Credit: Courtesy Running Press

Credit: Courtesy Running Press

Uzarowski first discovered Ava Gardner when he was still a young child. She'd been his grandfather’s favorite movie star, and she became a link to a man he never met. Seven years ago, Uzarowski started an Ava Gardner Facebook fan page, which he still maintains. In contrast, Bean knew very little about the actress when they first conceived of the project. The two met in graduate school in London (where they studied film), and Uzarowski was the one who prompted Bean to learn more about Gardner.

Bean and Uzarowski both live and work in London; the former is originally from California and the latter grew up in Poland and the U.K. The authors' own origin stories are indicative of Gardner’s reach and influence. During the second half of her career, Gardner participated in numerous co-productions and took up residence in various parts of Europe, adopting an expat lifestyle not unlike Ernest Hemingway (a close friend).

Still, Gardner belonged to an era when stars were groomed and constructed by studio publicity machines. Counseled on how to become a star, her acting was never given a second thought, which reinforced Gardner’s low self-esteem about her abilities. “She had this career because she was beautiful. She knew that’s what her meal ticket was. She didn’t think her talent was anything,” Uzarowski explains. “Unlike someone like Katharine Hepburn or Bette Davis, who came from the theater; that’s what they were signed on, not the way they looked. But with Ava it was definitely the way she looked, so she always was aware of that.”

Though Gardner didn’t believe in herself, Bean and Uzarowski hope their book encourages people to reassess her films and skills as an actress. Uzarowski points to her performance in Tennessee Williams’ Night of the Iguana — in which she starred alongside renowned actors Deborah Kerr and Richard Burton — as evidence of her skill. “She not only is not overshadowed by that but she steals scenes from them,” he says. “For someone who said she couldn’t act, that’s an incredible testament to her talent.”
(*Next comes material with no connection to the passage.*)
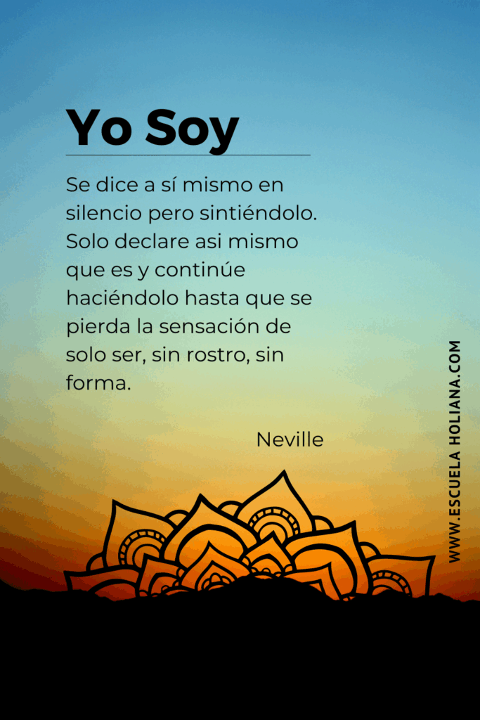 Neville dijo: “Yo soy, se dice a sí mismo en silencio, pero sintiéndolo. Solo declare así mismo que es y continúe haciéndolo hasta que se pierda la sensación de solo ser, sin rostro, sin forma\».
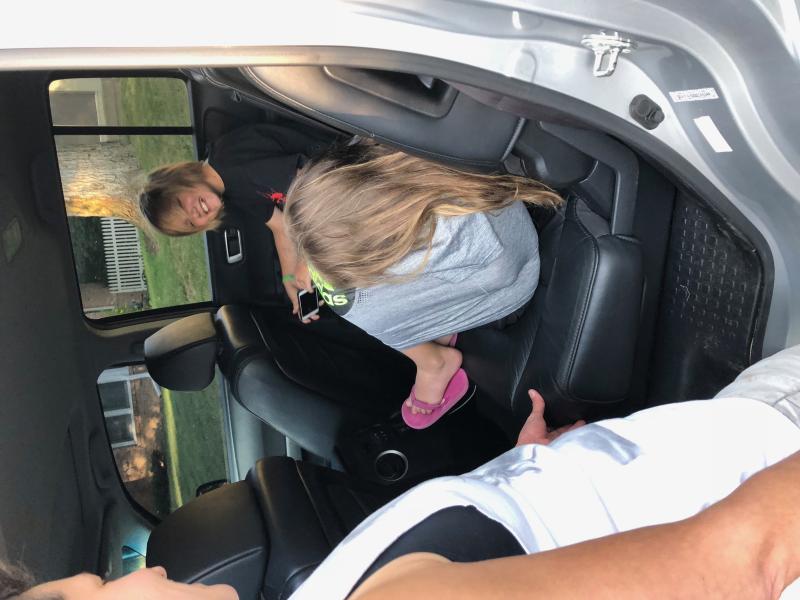 Maya still asleep after being transported to the car

Despite her insecurity, Gardner railed against the star system. “She defined it but also defied it,” Uzarowski notes. “On the one hand, she’s like a typical studio-made movie star … she was this cookie-cutter star, but on the other hand, she was so interesting and independent.”

That's the Gardner they hope readers find in the pages of their book: an independent, free-spirited, paradoxical talent with a softer side that's often obscured by her sultry, enigmatic screen presence. Uzarowski sums up her appeal beyond her movie star status as a simpler, more homespun charm: “She really was loved, as a friend — not as a sort of star but as a friend, as a woman. She was really appreciated and people still remember her with this great fondness.”